South Africa: Telkom's pricing untenable – ISPs


The cost of providing services through Telkom's network is maddening, says MWeb CEO, Rudi Jansen. Internet service providers (ISPs) MWeb and Internet Solutions argue that Telkom's current prices for connecting into its network to provide services to end-users are untenable.

The ISPs were addressing an Independent of Communications Authority of SA (ICASA) committee during hearings into local loop unbundling (LLU). They argued that the cost of connecting into Telkom's network on the current IP Connect (IPC) model is hampering competition.

Khetan Gajjar, head of new business development at IS, said there is “a lot” of bandwidth arriving on SA's shores, but this needs to get to the end-user. He argued that the current cost of connecting into Telkom's network is prohibitive.

IP Connect (IPC), which connects ISPs into Telkom's infrastructure so they can deliver a service, is charged at an “exorbitant and unreasonable” level, said Gajjar. He added that ISPs cannot innovate, because they are limited to offering the products that Telkom will allow.

ISPs are charged three times to deliver a service through IPC, said Gajjar. He noted that this is the only way of connecting into the last mile. “Telkom is stifling the market.”

IPC is a broken model and needs to be changed into “something that works”, said Gajjar. “IPC is fundamentally broken, but it's what we have at the moment.”

Ryan Hawthorne, senior manager of economic regulation at Neotel, said during the hearings that IPC accounts for 80% of Internet bandwidth costs, a price that the second operator can bring down substantially if it has access to the last mile.

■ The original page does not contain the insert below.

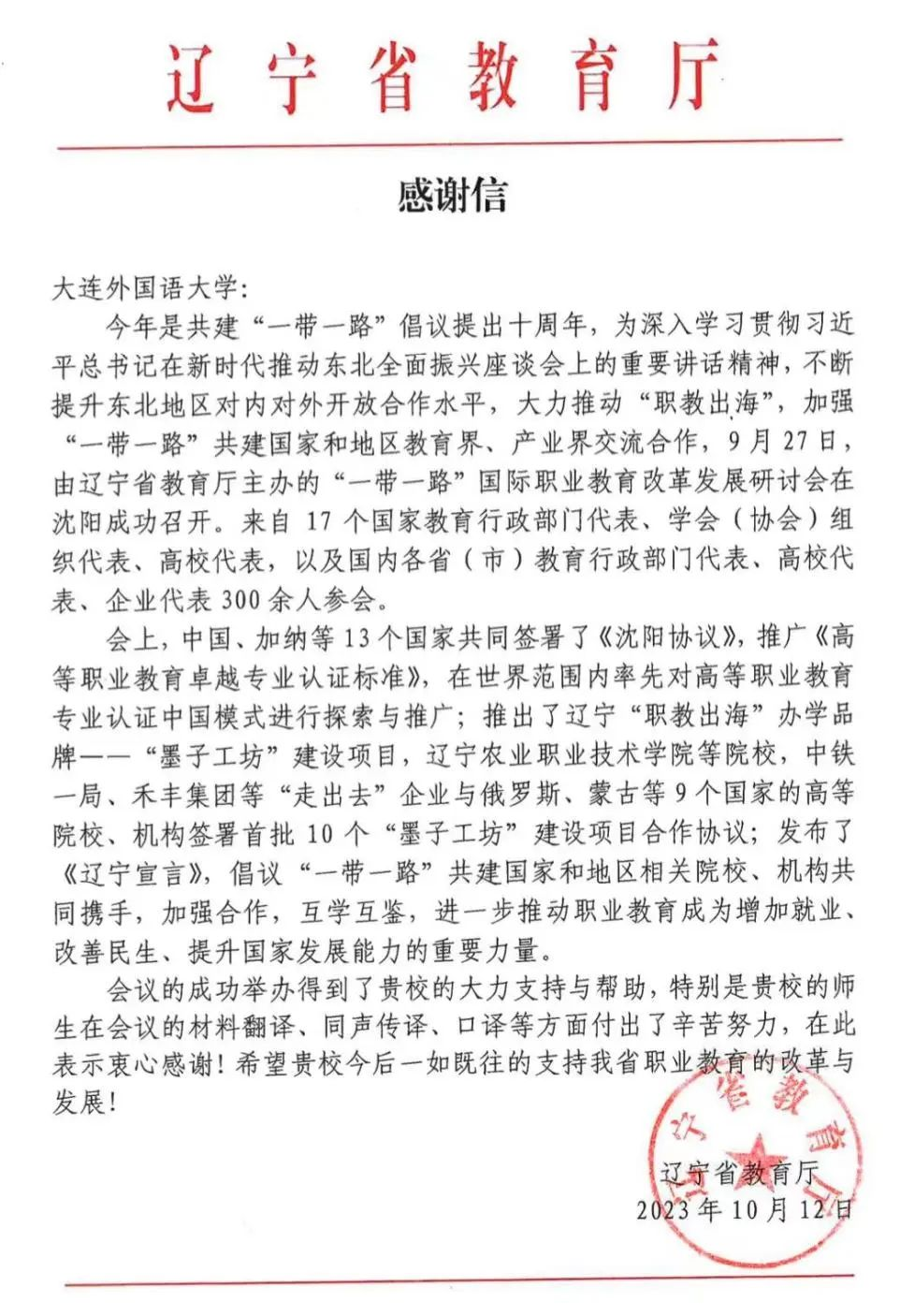 近日,辽宁省教育厅向我校发来感谢信,对我校为“一带一路”国际职业教育改革发展研讨会给予的支持和帮助表示诚挚的感谢,对我校为大会提供的高水平英语、俄语、韩国语、德语、阿拉伯语、泰语、蒙古语语言服务给予了充分肯定和高度认可。

IS regulatory director Siyabonga Madyibi said local loop unbundling is the start of the introduction of a wholesale pricing regime. He says the process is a “stepping stone” towards effective regulation.

There have been a number of interventions by the regulator, but these have not been effective, said Madyibi. He added that the playing field is tilted in Telkom's favour and there is very little new operators can do to stimulate competition and push down pricing.

Although the effects of lower interconnect prices have been seen at wholesale level, other regulations have not changed the wholesale pricing model, argued Madyibi. He said geographic number portability has failed, because numbers are charged on a single basis, and blocks become too costly to port.

In addition, said Madyibi, carrier pre-select is also not a success, because the incumbents have moved to protect their market share by increasing the cost of the origination fee. This means the regulation is only good on paper.

As a result, argued Madyibi, ICASA has to get LLU right. If it does not have a regulatory impact; the sector will end up back at “square one”, he said. There is a need to intervene in the wholesale cost of data, he added.

Madyibi said IS has tried to go around the last mile issue to connect to its clients, without any real success.

MWeb CEO Rudi Jansen said the cost of IPC is “driving everybody mad”. He said it is about nine times the expense of moving data between Cape Town and Europe. “That is just absolutely absurd.”

Jansen said it is difficult for ISPs to compete effectively with such high prices, and IPC causes congestion on the network, a situation that is out of ISPs' hands. The cost of an ADSL line rental is a big bugbear, said Jansen. He added that Telkom charges both the customer and the ISP for access to the last mile.